The old man looked up.  "What did you say, Captain?"

Captain Parker wondered if it was time he started being overtly suspicious of the eccentric man with the German accent.  Parker thought better of it when Eisner unceremoniously injected himself into Sam Cutler's sales pitch.

"I could not help noticing that you were looking for a tractor, Mr . . . Kent?"

"That's what I'm here for."

Blasted jerry, the shopkeeper sneered to himself.

In the next five minutes the old man convinced Jonathan and Martha Kent that he had a tractor deal for them that could only come once in a lifetime.  You see, he explained, family responsibilities had forced the old man to sell his farm and go east rather suddenly, and he had a brand new tractor, next highest model after the one the Kents were looking over, for just five hundred dollars.

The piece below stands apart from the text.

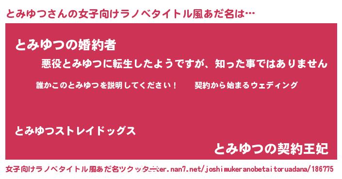 | 男性向けラノベタイトル風あだ名 | 『トミユツアートオンライン』 |
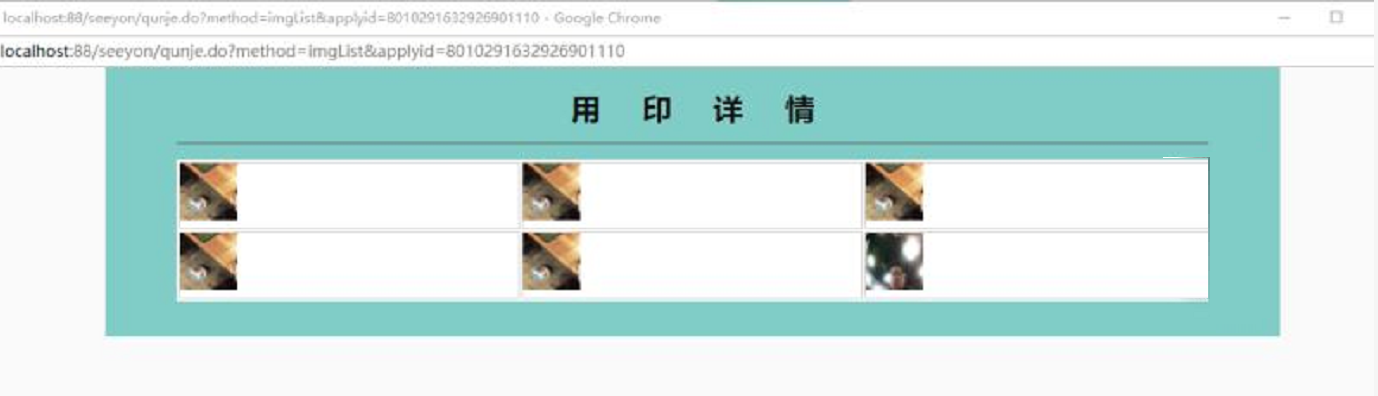 点击用印详情,弹出页面(群杰系统的页面)显示详细用印情况(示例如下图):

"Well, I'd sure like to look at it, Mr. Eisner," Jonathan Kent threw the bemused Parker a wide grin, "but Sam here's nearly got me convinced on this one."

"If it's everything Mr. Eisner says it is, we should surely look at it," Martha Kent insisted.  "I'm sure Sam would understand, and we don't have to take Mr. Eisner's if we don't want it."

The old man directed the Kents to meet him and the tractor at a certain place outside Smallville at precisely six-fifteen that evening.  Not a minute sooner or later.

Outside the hardware store, Parker cornered the old man. "Listen, pal, anyone who goes out on a limb like that for a perfect stranger is all right in my book, but who are you, really?"

"I believe I will have to trust you to keep a secret, Captain Parker, though I must caution you never to reveal I was here.  I cannot tell you why."

"Let's hear what the secret is before I agree to keep it."

"That is not the best of conditions, but I will need your help."

The old man pulled off the woollen cap and shook free his shiny white hair.

Parker's face registered his stunned recognition.  After a speechless moment he said simply, "Welcome to Smallville, sir."